Холодная мята - Григор Михайлович Тютюнник
Шрифт:
Интервал:
Закладка:
…В овражке глухо, уютно и даже томно от крутого, не тронутого ветром запаха прогретых лопухов и «куриной слепоты», сырой, спрятанной от солнца низовой земли и трухлявых ольховых веток.
Травы здесь мало, и коровы стоят кучкой, нудясь, то и дело поглядывая на пастухов. Лишь телятам развлечение: скачут в лопухах, потому что они их щекочут, раскачиваясь из стороны в сторону, цепляют на хвосты тугие комья красного репейника.

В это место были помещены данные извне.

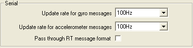 In the DL1/2 configuration, ensure that the internal accelerometers are turned off for both storage to the memory card and to the serial port. Enable decoding of serial messages and logging of incoming serial data to the memory card.

Тимоха разложил костер, намостил под бока сухой картофельной ботвы и снова, как под сосной, лег, впившись глазами в небо. Из оврага, словно из ямы, оно казалось ему ниже и короче, а сам овражек — глубже и склоны его круче.
Палажечка принесла в переднике картошки — не очень крупной, но и не мелкой: чтобы быстрее испеклась.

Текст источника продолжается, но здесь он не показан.